BEGIN

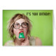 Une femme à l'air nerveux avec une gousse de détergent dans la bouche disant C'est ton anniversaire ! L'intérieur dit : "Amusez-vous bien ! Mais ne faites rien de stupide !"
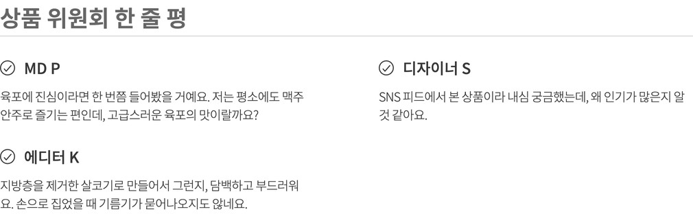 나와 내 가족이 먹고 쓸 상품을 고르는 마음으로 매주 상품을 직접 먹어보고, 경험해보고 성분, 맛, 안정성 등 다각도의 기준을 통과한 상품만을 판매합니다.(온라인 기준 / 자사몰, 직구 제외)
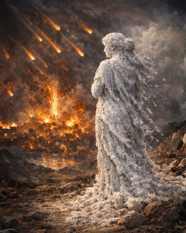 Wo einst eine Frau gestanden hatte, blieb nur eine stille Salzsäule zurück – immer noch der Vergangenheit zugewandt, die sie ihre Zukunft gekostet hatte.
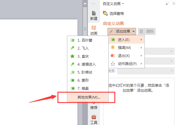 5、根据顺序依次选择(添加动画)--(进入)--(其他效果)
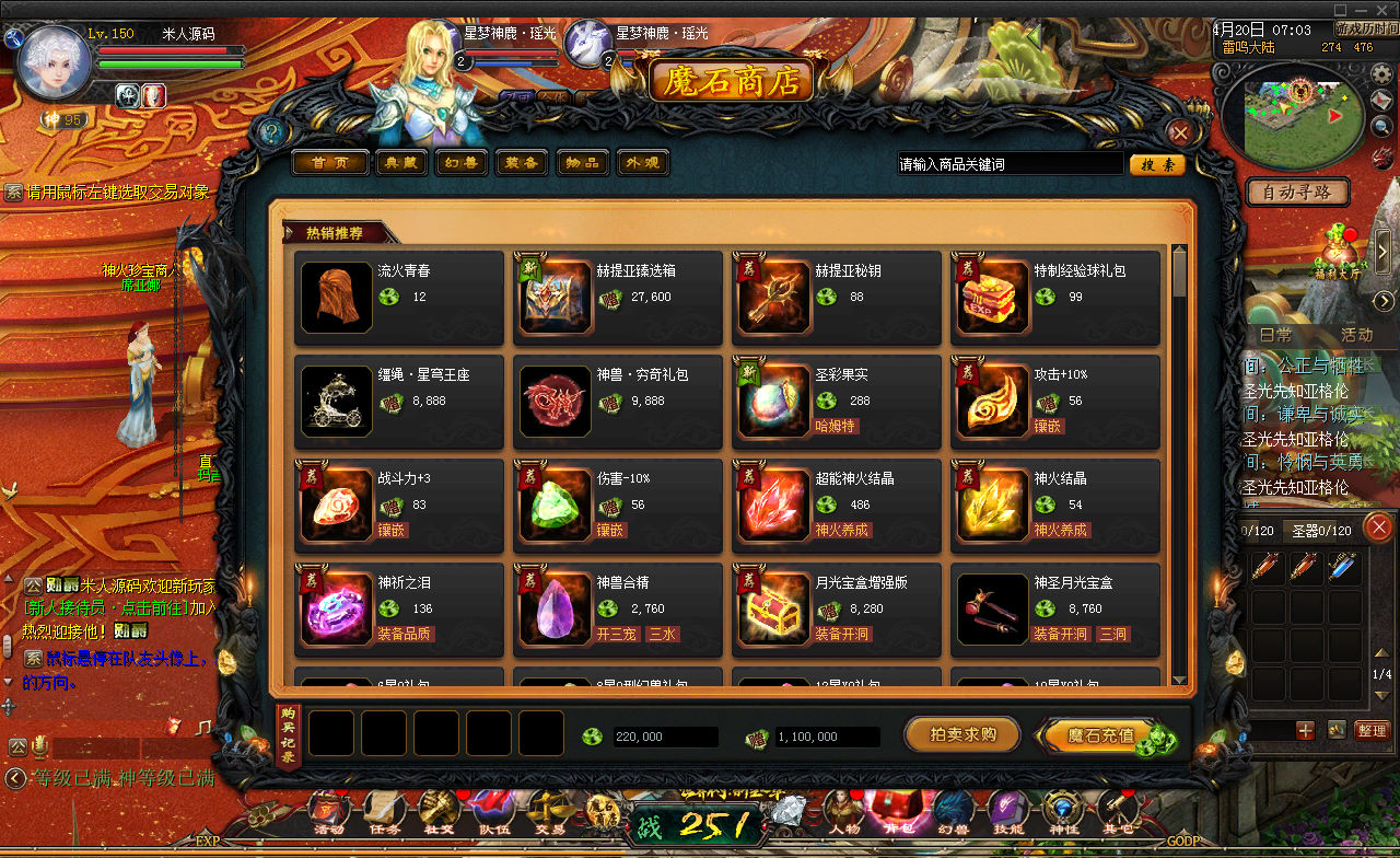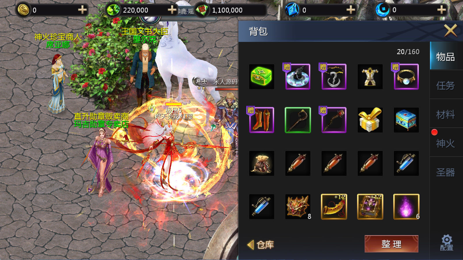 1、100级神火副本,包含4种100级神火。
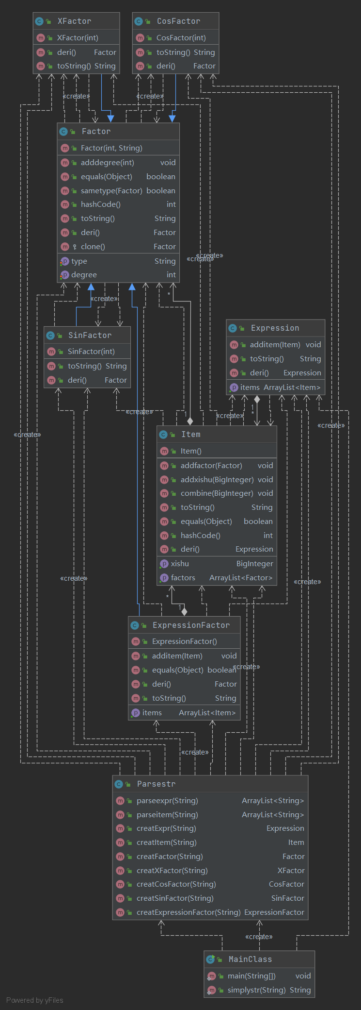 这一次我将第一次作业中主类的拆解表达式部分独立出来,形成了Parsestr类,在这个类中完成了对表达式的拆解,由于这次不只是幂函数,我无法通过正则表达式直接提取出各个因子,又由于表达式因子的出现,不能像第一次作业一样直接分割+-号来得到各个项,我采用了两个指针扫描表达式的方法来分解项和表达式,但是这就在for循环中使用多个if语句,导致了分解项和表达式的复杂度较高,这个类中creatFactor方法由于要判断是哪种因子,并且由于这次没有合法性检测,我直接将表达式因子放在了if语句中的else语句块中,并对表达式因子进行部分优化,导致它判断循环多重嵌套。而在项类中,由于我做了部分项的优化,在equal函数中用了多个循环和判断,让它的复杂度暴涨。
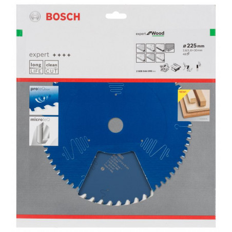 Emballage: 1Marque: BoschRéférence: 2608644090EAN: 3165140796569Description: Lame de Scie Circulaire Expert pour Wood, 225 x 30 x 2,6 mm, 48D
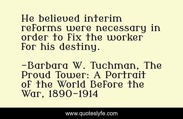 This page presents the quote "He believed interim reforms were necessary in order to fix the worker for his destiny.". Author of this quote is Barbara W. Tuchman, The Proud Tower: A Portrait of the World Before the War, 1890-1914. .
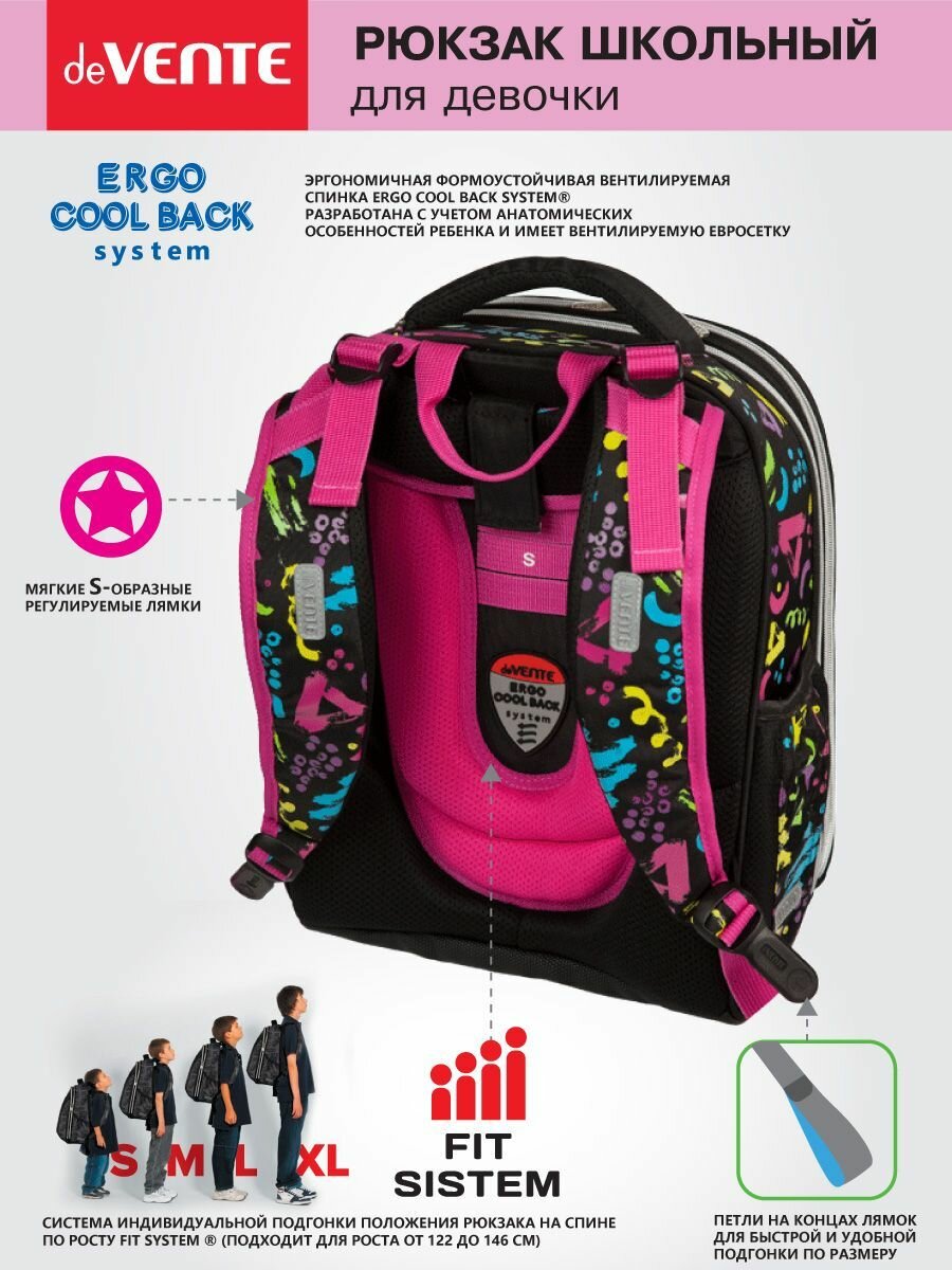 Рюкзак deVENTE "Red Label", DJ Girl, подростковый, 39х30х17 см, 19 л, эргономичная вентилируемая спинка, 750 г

END

**Problem statement**
Give back exactly the lines running from the one that contains "This page presents" to the end of the records, including both of those lines and excluding every picture.

**Response to this task**
 This page presents the quote "He believed interim reforms were necessary in order to fix the worker for his destiny.". Author of this quote is Barbara W. Tuchman, The Proud Tower: A Portrait of the World Before the War, 1890-1914. .
 Рюкзак deVENTE "Red Label", DJ Girl, подростковый, 39х30х17 см, 19 л, эргономичная вентилируемая спинка, 750 г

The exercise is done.